[INPUT DATA]

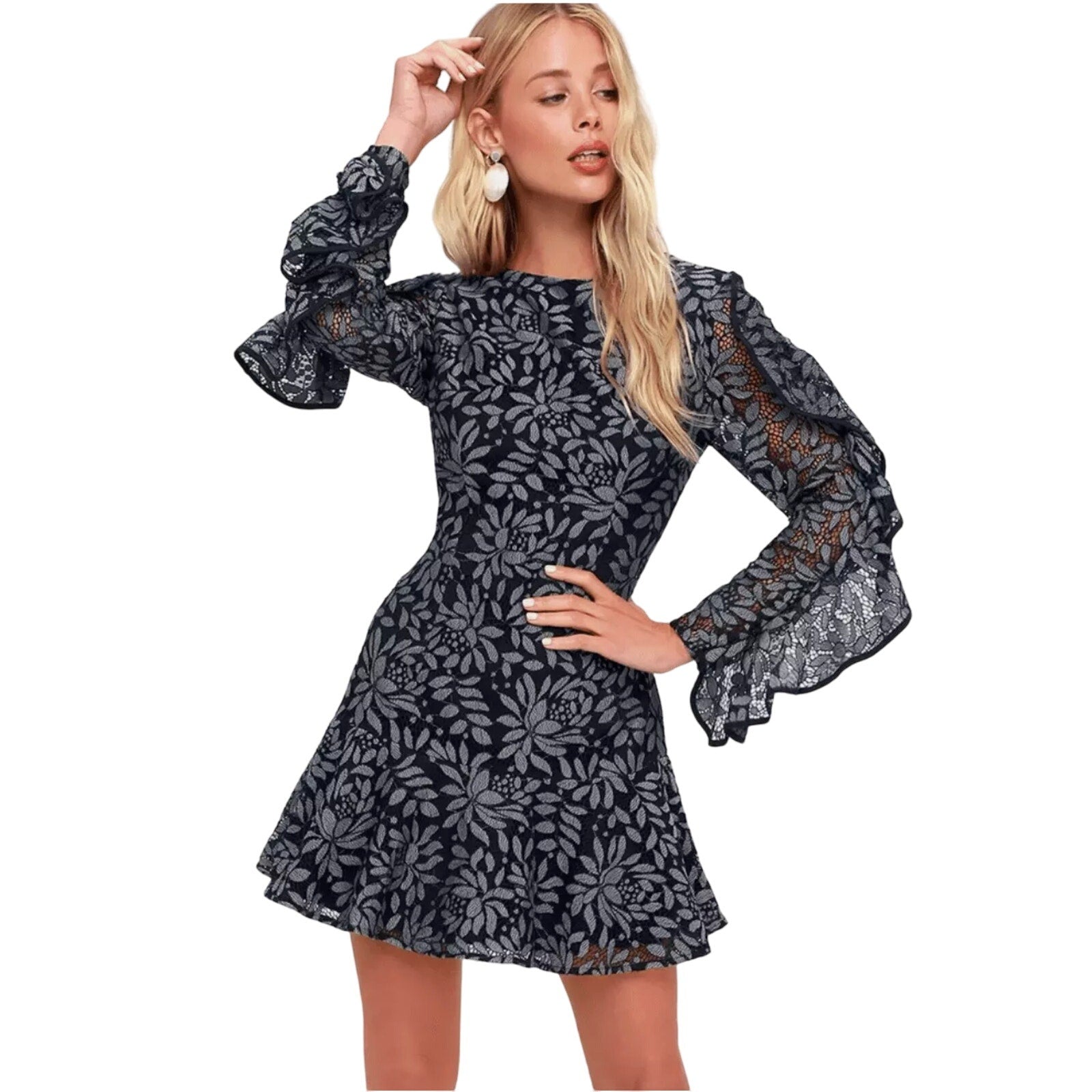 Keepsake The Label Dresses Engage Navy Blue Lace Long Sleeve Dress Small
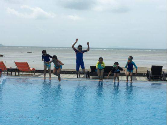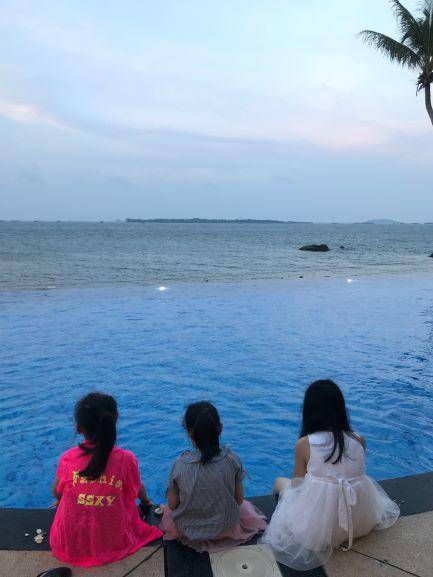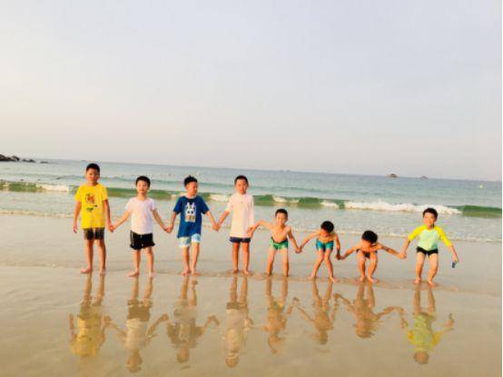 因为这次出游大家都带着小朋友,我们的行程安排的不是很紧,第二天主要的时间是呆在酒店,所以小朋友们有充足的时间在海边玩沙,游泳,这里的海水很清,在离沙滩不远的海里就可以看到小鱼,还可以挖贝壳,小朋友玩得不亦乐乎。
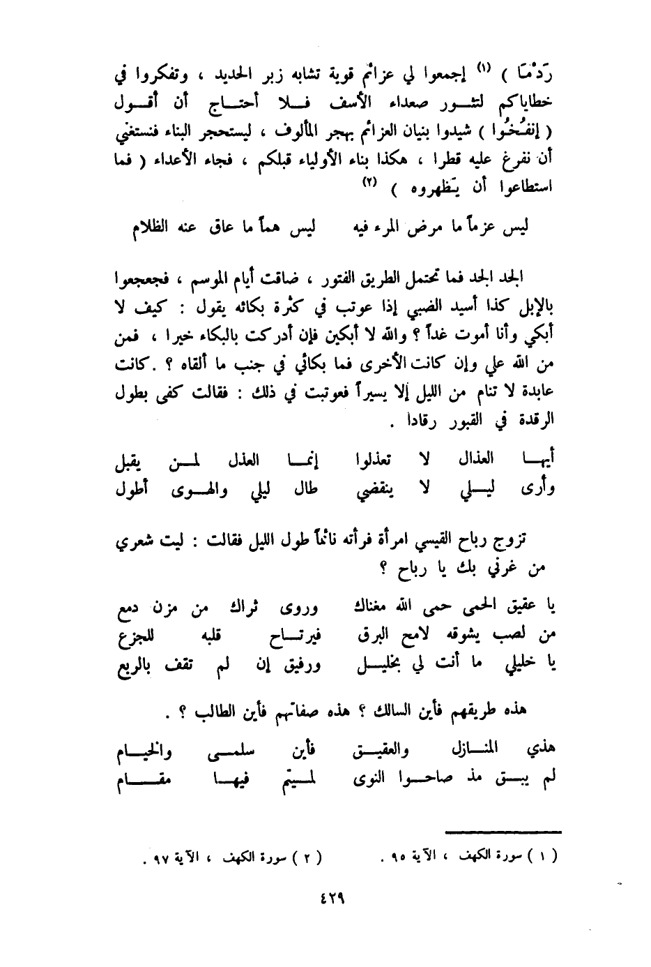 الْجد الْجد فَمَا تحْتَمل الطَّرِيق الفتور ضَاقَتْ أَيَّام الْمَوْسِم فجعجعوا بِالْإِبِلِ كَذَا أسيد الضَّبِّيّ إِذا عوتب فِي كَثْرَة بكائه يَقُول كَيفَ لَا أبْكِي وَأَنا أَمُوت غَدا وَالله لَا أبكين فَإِن أدْركْت بالبكاء خيرا فَمن من الله عَليّ وَإِن كَانَت الْأُخْرَى فَمَا بُكَائِي فِي جنب مَا أَلْقَاهُ كَانَت عابدة لَا تنام من اللَّيْل إِلَّا يَسِيرا فوتبت فِي ذَلِك فَقَالَت كفى بطول الرقدة فِي الْقُبُور رقادا
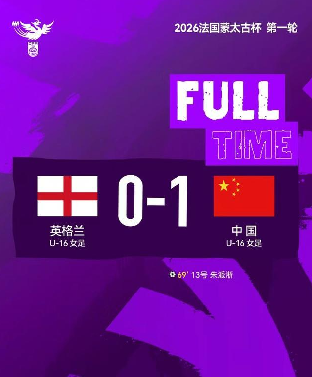 北京时间3月31日凌晨,作为2027年U17女足亚洲杯及U17女足世界杯适龄参赛队,由前国脚訾晶晶率领的2010年龄段中国U16女足在法国旺代省普佐日球场以1比0力克英格兰U16女足,取得2026年蒙太古杯(女足)邀请赛开门红。
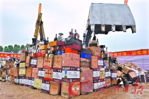 本报讯 (记者李少威)咆哮着的挖掘机,举着“重拳”砸向堆积如山的假酒,浓烈的酒味四处弥漫。6月11日,东莞市在大朗镇现场销毁2.7万瓶假冒伪劣酒品,价值达282万元。
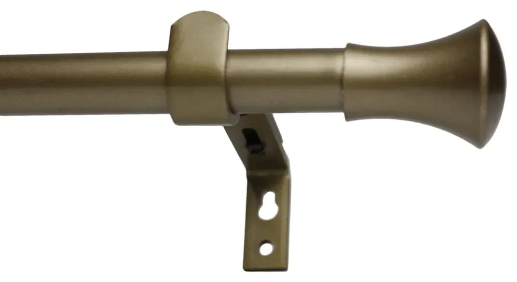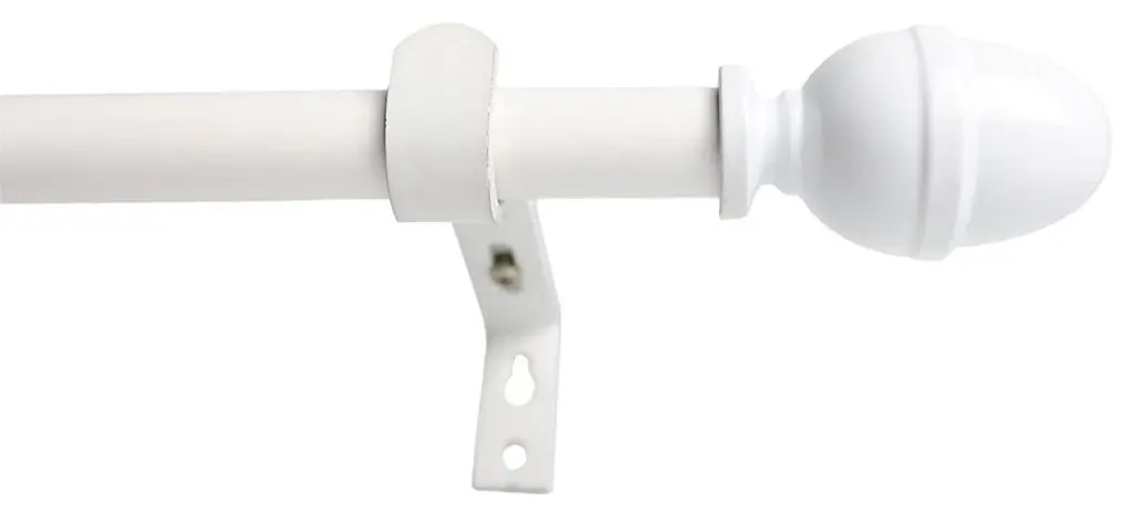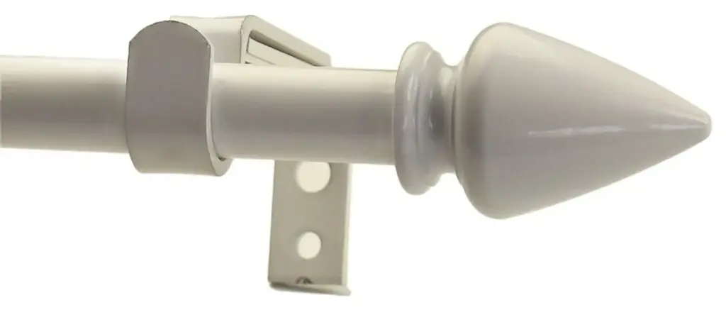 This set includes one 28"-48" adjustable rod, two finials, two matching brackets, and mounting hardware. The rod has a glossy white finish, with spear-shaped finials in glossy white. The outer diameter of the rod is 5/8"; the inner diameter is 1/2". Uses 3-4" or larger curtain rings (sold separately). The brackets adjust from 4" to 5 1/2". The finials measure 2 1/8" long and 1 3/8" across. Available in 7 finishes: Black, Glossy White, Bronze, Brushed Steel, Antique Brass, Pewter, and Antique Gold.

[WHAT YOU ARE ASKED TO DO] Pictures included in the data should be dropped; everything else must be repeated exactly.

[RESULT OF THIS TASK]
 Keepsake The Label Dresses Engage Navy Blue Lace Long Sleeve Dress Small
 因为这次出游大家都带着小朋友,我们的行程安排的不是很紧,第二天主要的时间是呆在酒店,所以小朋友们有充足的时间在海边玩沙,游泳,这里的海水很清,在离沙滩不远的海里就可以看到小鱼,还可以挖贝壳,小朋友玩得不亦乐乎。
 الْجد الْجد فَمَا تحْتَمل الطَّرِيق الفتور ضَاقَتْ أَيَّام الْمَوْسِم فجعجعوا بِالْإِبِلِ كَذَا أسيد الضَّبِّيّ إِذا عوتب فِي كَثْرَة بكائه يَقُول كَيفَ لَا أبْكِي وَأَنا أَمُوت غَدا وَالله لَا أبكين فَإِن أدْركْت بالبكاء خيرا فَمن من الله عَليّ وَإِن كَانَت الْأُخْرَى فَمَا بُكَائِي فِي جنب مَا أَلْقَاهُ كَانَت عابدة لَا تنام من اللَّيْل إِلَّا يَسِيرا فوتبت فِي ذَلِك فَقَالَت كفى بطول الرقدة فِي الْقُبُور رقادا
 北京时间3月31日凌晨,作为2027年U17女足亚洲杯及U17女足世界杯适龄参赛队,由前国脚訾晶晶率领的2010年龄段中国U16女足在法国旺代省普佐日球场以1比0力克英格兰U16女足,取得2026年蒙太古杯(女足)邀请赛开门红。
 本报讯 (记者李少威)咆哮着的挖掘机,举着“重拳”砸向堆积如山的假酒,浓烈的酒味四处弥漫。6月11日,东莞市在大朗镇现场销毁2.7万瓶假冒伪劣酒品,价值达282万元。
 This set includes one 28"-48" adjustable rod, two finials, two matching brackets, and mounting hardware. The rod has a glossy white finish, with spear-shaped finials in glossy white. The outer diameter of the rod is 5/8"; the inner diameter is 1/2". Uses 3-4" or larger curtain rings (sold separately). The brackets adjust from 4" to 5 1/2". The finials measure 2 1/8" long and 1 3/8" across. Available in 7 finishes: Black, Glossy White, Bronze, Brushed Steel, Antique Brass, Pewter, and Antique Gold.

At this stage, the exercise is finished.